The previous owners had gut renovated the apartment five years earlier, which meant we were inheriting relatively unused appliances and a clean slate, electrically speaking. While we had a daunting mortgage, it was an investment in our future together, which was all we were thinking about with our wedding just three months away.

Our new apartment agreed with us for the first few years. We put in a wall with bookcases and a pocket door and a boatload of additional bookshelves (the previous owners had taken all the shelves out, to Tad’s horror). We painted—lots of White Dove—and did our best to tame the previous owners’ obsession with cherry wood.

We had great neighbors. The couple upstairs, the Howards, who were in their eighties, were cultural omnivores, always eager to talk about something they’d read in The New Yorker or seen at a gallery. Downstairs were a federal judge and a lawyer, who had been there for more than a decade. (Small world fun fact: Sam Sifton, the Food Editor at The New York Times, grew up on the parlor floor.)

The only disagreement among the current tenants was over a maple tree whose limbs intruded on the Howards’ deck (and ours). The Howards wanted to prune the branches. The judge, a gentle man and environmentalist, was opposed. Whenever the subject came up, he would quote Joyce Kilmer’s poem about never having seen a thing as lovely as a tree. And when it came time for the annual pruning, he would stand outside in his pajamas to make sure only the minimum was trimmed. In New York, where co-op members are constantly suing each other over construction noise or poodle poop, this was pretty benign.

But after a handful of years, we began to notice rustling in our bedroom ceiling, usually early in the morning. As we lay there, awakened, it sounded all too much like squirrels—and indeed it was. At first, we assumed the squirrels were inhabiting the space between the Howards’ deck and the roof, which was right above our bedroom. Eventually, we admitted to ourselves that, no, they were in the ceiling itself. There was just a thin layer of wallboard between them and us.

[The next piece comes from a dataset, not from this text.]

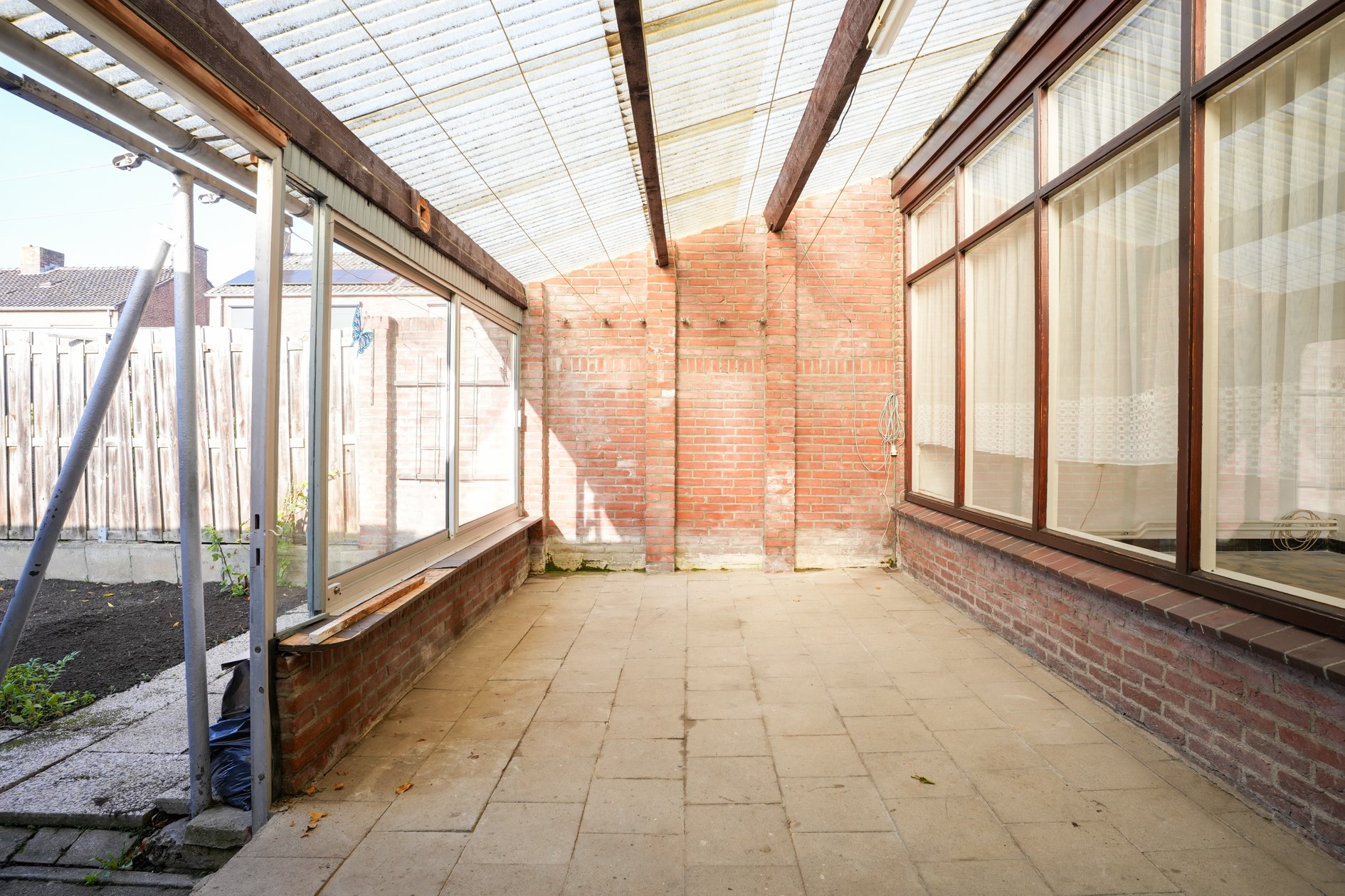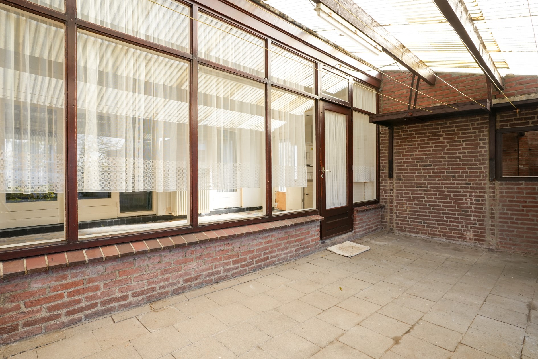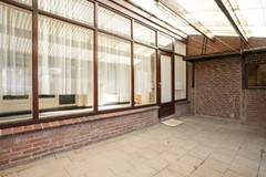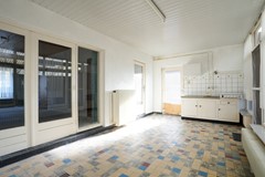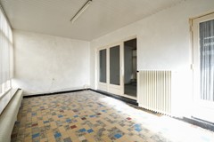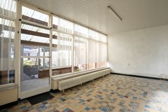 Serre voorzien van tegelvloer, aanrecht en enkele deur naar de oprit

One of the culprits, sunbathing. Photo by Amanda Hesser

The Howards were getting old and didn’t seem eager to root around under their deck. Tad went up there to investigate a couple of times, but there were no suspects in sight.

Time and familiarity have a way of blunting your perceptions of your home. Even if you’re a fusspot, you start overlooking that broken tile. You think nothing of the awkward way you have to pop a door closed so it locks. You no longer notice the moldy smell in the bathroom. Or bother about the plume of fire that bursts from your oven when you turn on your broiler—although you do keep your kids back when you light it.

The squirrels became white noise. What most normal people would see as an alarming problem that had to be addressed immediately, we saw as comforting normalcy. The squirrels were waking up just as we were. We were stretching. They were scratching. Squirrels are cute. No big deal, right?

One Sunday evening—because all plumber- or electrician-worthy events and rapidly-spreading rashes and fevers occur on weekends—I was sitting in the armchair in our kitchen, working.

I heard a thunk near my study, followed by frantic scratching. The pocket door to my study was wobbling in its track. As I got closer to inspect, it was clear there was something in the pocket door wall. When I aimed a flashlight between the door and its frame, I came eye to eye with one of the house squirrels for the first time. It was stuck in the space between the door and the wall. We glared at each other.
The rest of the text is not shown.